Input for this task »
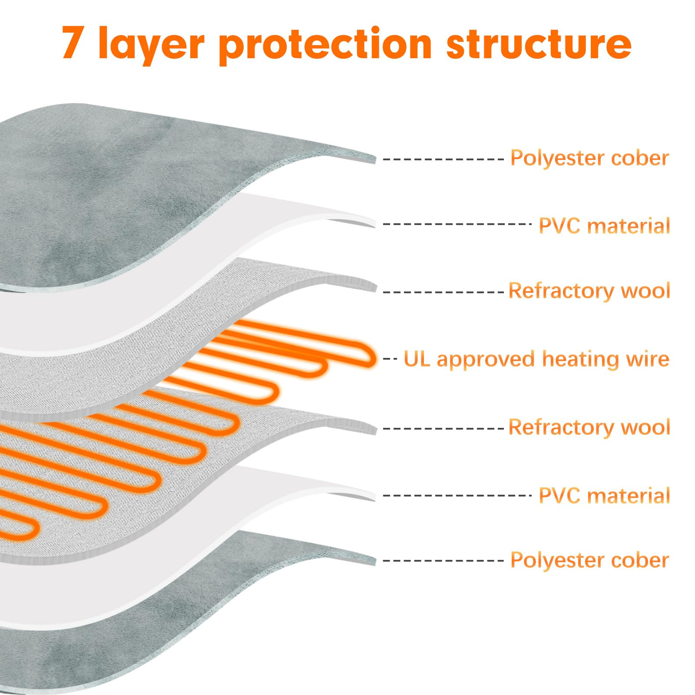 Vannon Pet Heating Pad, Heated Cat Dog Bed With Chew Resistant Cord, 5 Timer And 6 Level Temperature Indoor Warming Mat For Smal
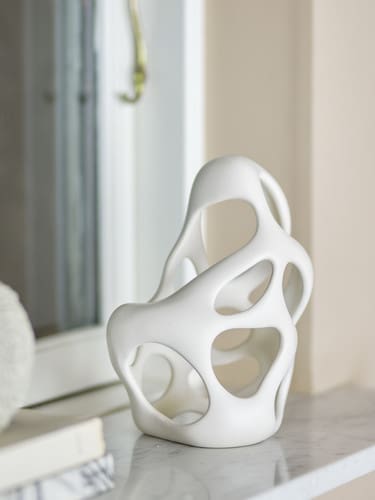 הפריט הדקורטיבי Chanet מבית Bloomingville מגלם את עקרונות העיצוב הסקנדינבי הקלאסי. הוא עשוי פולי-רזין איכותי בגימור מט לבן נקי. הצורה האלגנטית והמעודנת של הפריט יוצרת מראה קליל והרמוני שכה אופייני לסגנון הנורדי, ומושלמת לשימוש כאלמנט עיצובי מינימליסטי ויוקרתי על מדפים ושולחנות.
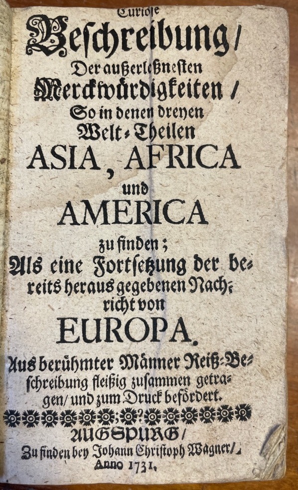 VD18 14402521; Seltene Beschreibung von Asien, Afrika und America. Der vordere Deckel ist längst zur hälfte abgebrochen, das Frontispiz stärker angerändert und die letzten zwei Blatt Register mit Wurmgang, im Ganzen etwas unfrisch.
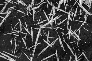 Delicate morning frost water crystals form on the icy surface of the Bow River in the Canadian Rockies.
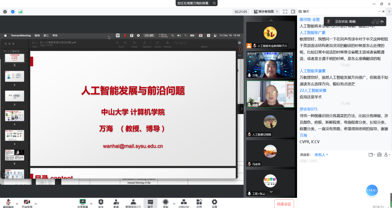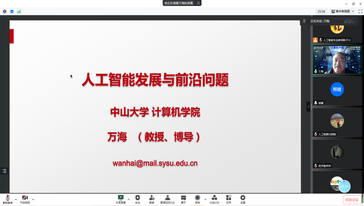 12月16日,我校邀请了中山大学计算机学院教授、博导万海作“人工智能发展与前沿问题”线上学术讲座。我校88名师生参与活动。讲座由太阳集团城网站2017系主任熊健主持。
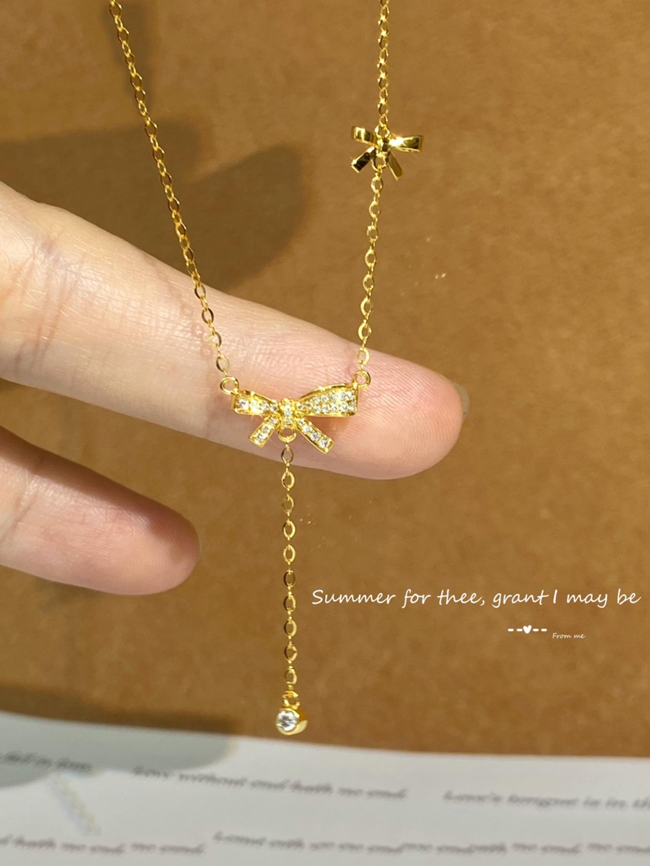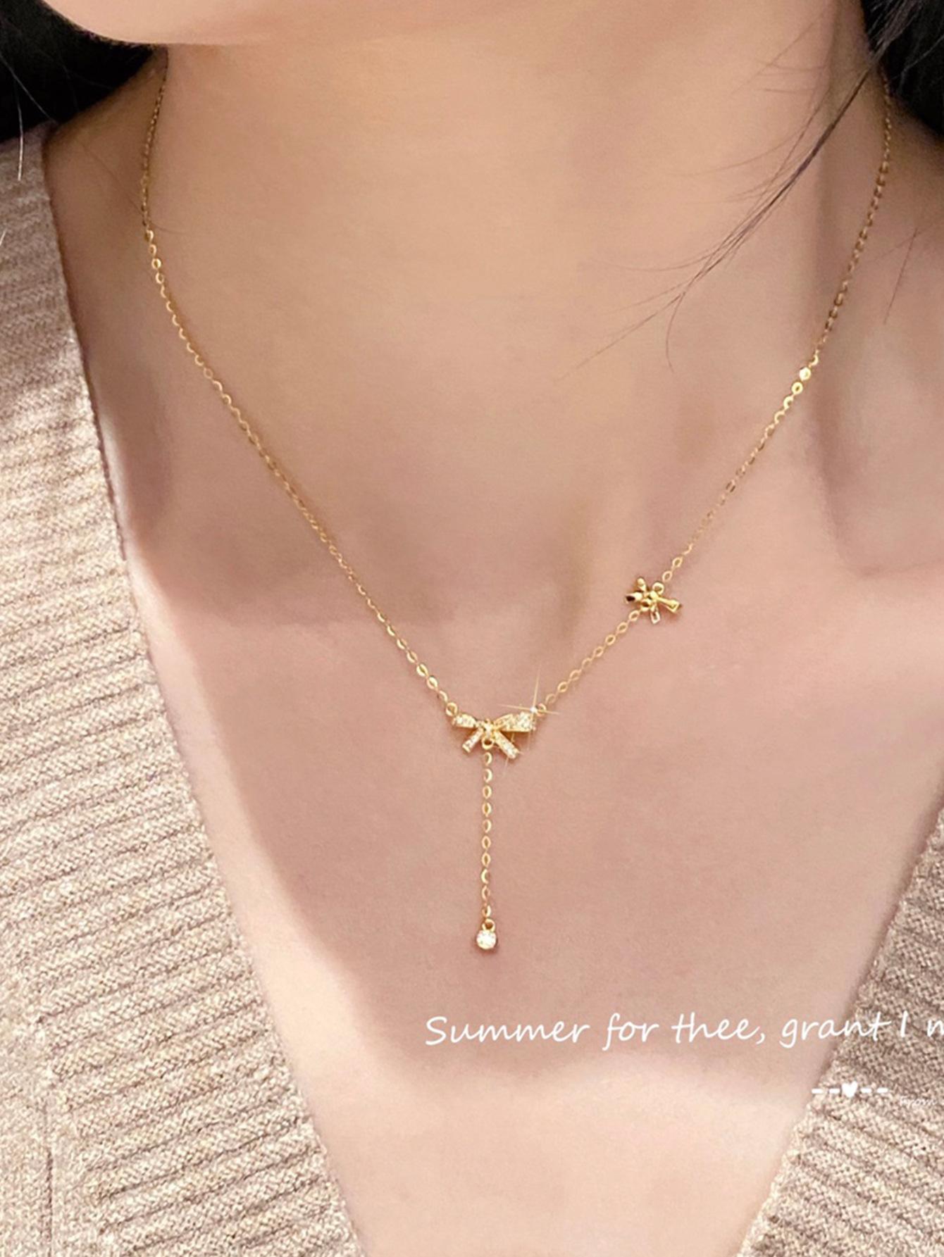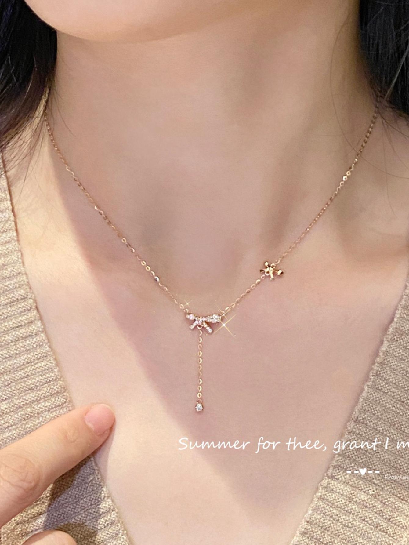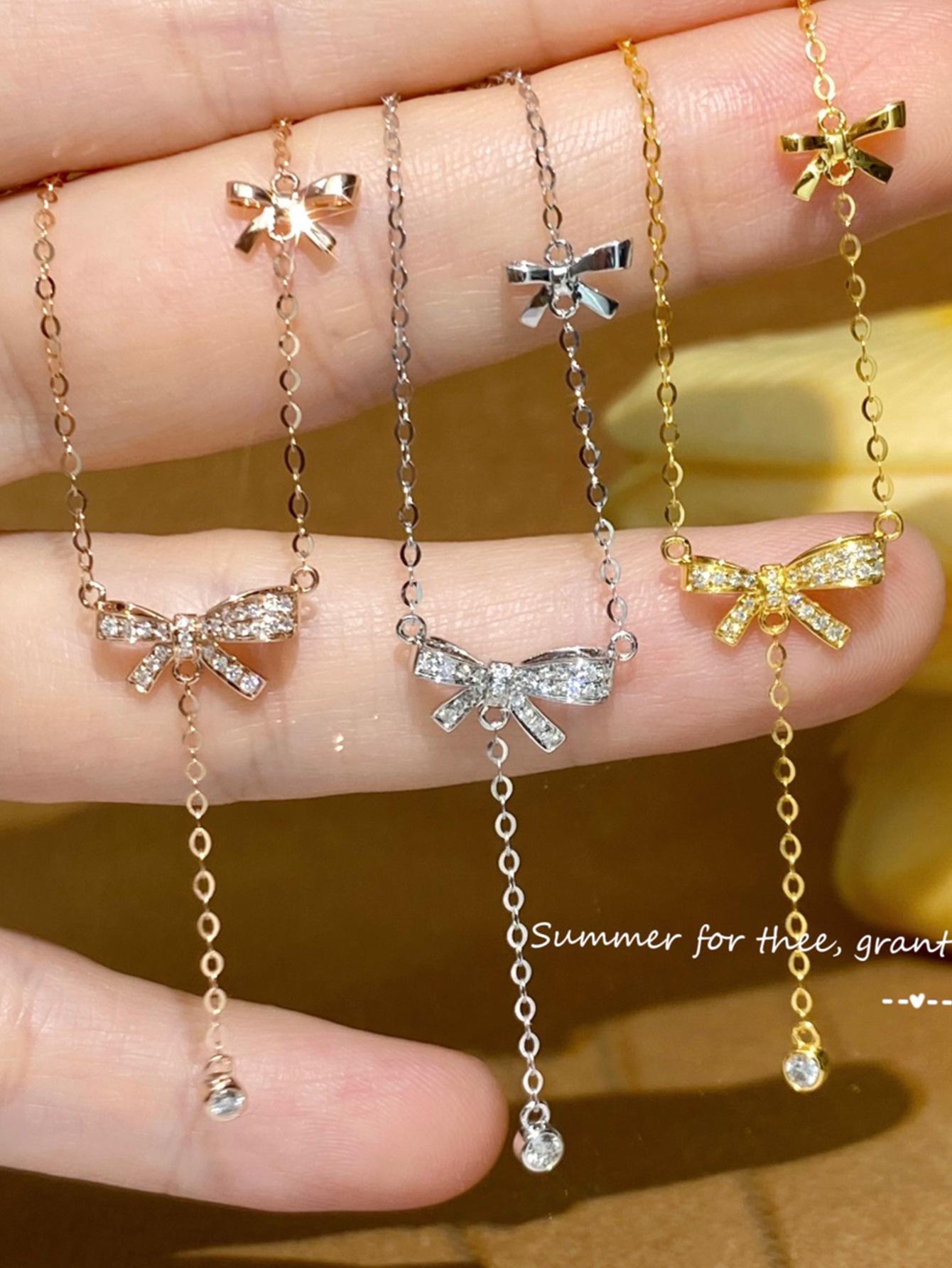 Collar con colgante de lazo de plata de ley S925 de alce rojo para mujer, ligero, de lujo, combinable, francés, antiguo, moderno y sencillo.
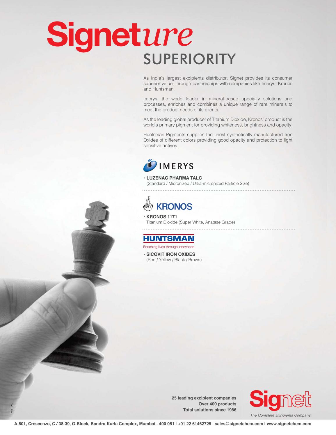 With a core philosophy that emphasis value over price, Signet has always kept its focus towards providing the world’s best pharmaceutical raw materials to Indian scientists and formulators Only products that meet international pharmaceutical standards and made in stateoftheart facilities are sold through Signet Through an extensive partnership networks with the world’s most reputable. A tablet system for prolonged floating in or on gastric fluid for releasing therein pharmaceutically active substances in an alternate succession of substance release and norelease periods is made upof a multilayered core placed in a cupshaped envelope The core is made up of release layers and norelease layers devoid of pharmaceutically active substance, superposed in alternate succession. Venator is a strong, specialized global business with a high value portfolio of innovative pigment and additive products.
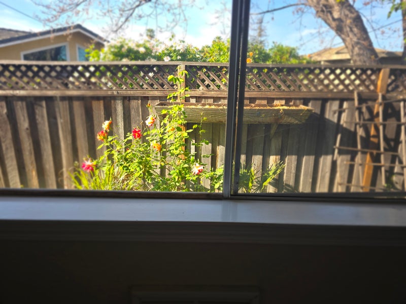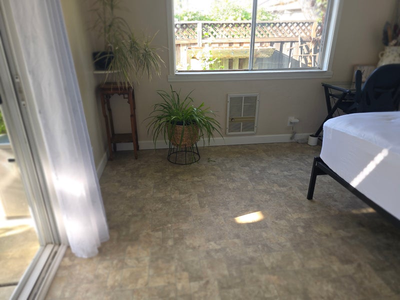 Bright, fully furnished "garden room" with direct access to a private sunny patio in a warm, safe, well-kept Campbell home. Two windows with garden views, rose bushes right outside, lush indoor plants — it feels more like a retreat than a rental.
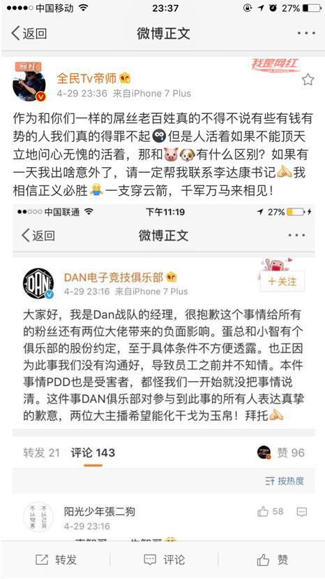 可是在DAN经理发微博后,忍不住又转发:相信正义必胜。
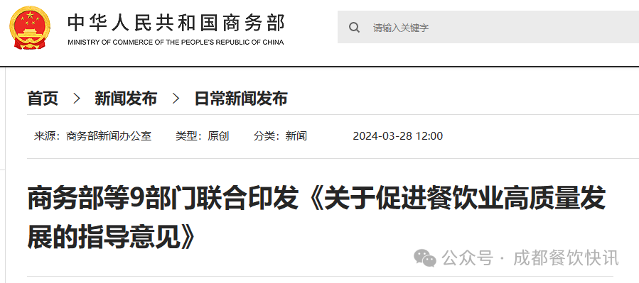 日前,商务部等9部门下发《关于促进餐饮业高质量发展的指导意见》(商服贸发[2024]46号),从7个方面提出22项具体政策措施,进一步释放餐饮消费潜力,推动餐饮业高质量发展,更好满足人民日益增长的美好生活需要。

About this exercise » Give back the material word for word and drop the pictures it holds.

Answer to the exercise »
 Vannon Pet Heating Pad, Heated Cat Dog Bed With Chew Resistant Cord, 5 Timer And 6 Level Temperature Indoor Warming Mat For Smal
 הפריט הדקורטיבי Chanet מבית Bloomingville מגלם את עקרונות העיצוב הסקנדינבי הקלאסי. הוא עשוי פולי-רזין איכותי בגימור מט לבן נקי. הצורה האלגנטית והמעודנת של הפריט יוצרת מראה קליל והרמוני שכה אופייני לסגנון הנורדי, ומושלמת לשימוש כאלמנט עיצובי מינימליסטי ויוקרתי על מדפים ושולחנות.
 VD18 14402521; Seltene Beschreibung von Asien, Afrika und America. Der vordere Deckel ist längst zur hälfte abgebrochen, das Frontispiz stärker angerändert und die letzten zwei Blatt Register mit Wurmgang, im Ganzen etwas unfrisch.
 Delicate morning frost water crystals form on the icy surface of the Bow River in the Canadian Rockies.
 12月16日,我校邀请了中山大学计算机学院教授、博导万海作“人工智能发展与前沿问题”线上学术讲座。我校88名师生参与活动。讲座由太阳集团城网站2017系主任熊健主持。
 Collar con colgante de lazo de plata de ley S925 de alce rojo para mujer, ligero, de lujo, combinable, francés, antiguo, moderno y sencillo.
 With a core philosophy that emphasis value over price, Signet has always kept its focus towards providing the world’s best pharmaceutical raw materials to Indian scientists and formulators Only products that meet international pharmaceutical standards and made in stateoftheart facilities are sold through Signet Through an extensive partnership networks with the world’s most reputable. A tablet system for prolonged floating in or on gastric fluid for releasing therein pharmaceutically active substances in an alternate succession of substance release and norelease periods is made upof a multilayered core placed in a cupshaped envelope The core is made up of release layers and norelease layers devoid of pharmaceutically active substance, superposed in alternate succession. Venator is a strong, specialized global business with a high value portfolio of innovative pigment and additive products.
 Bright, fully furnished "garden room" with direct access to a private sunny patio in a warm, safe, well-kept Campbell home. Two windows with garden views, rose bushes right outside, lush indoor plants — it feels more like a retreat than a rental.
 可是在DAN经理发微博后,忍不住又转发:相信正义必胜。
 日前,商务部等9部门下发《关于促进餐饮业高质量发展的指导意见》(商服贸发[2024]46号),从7个方面提出22项具体政策措施,进一步释放餐饮消费潜力,推动餐饮业高质量发展,更好满足人民日益增长的美好生活需要。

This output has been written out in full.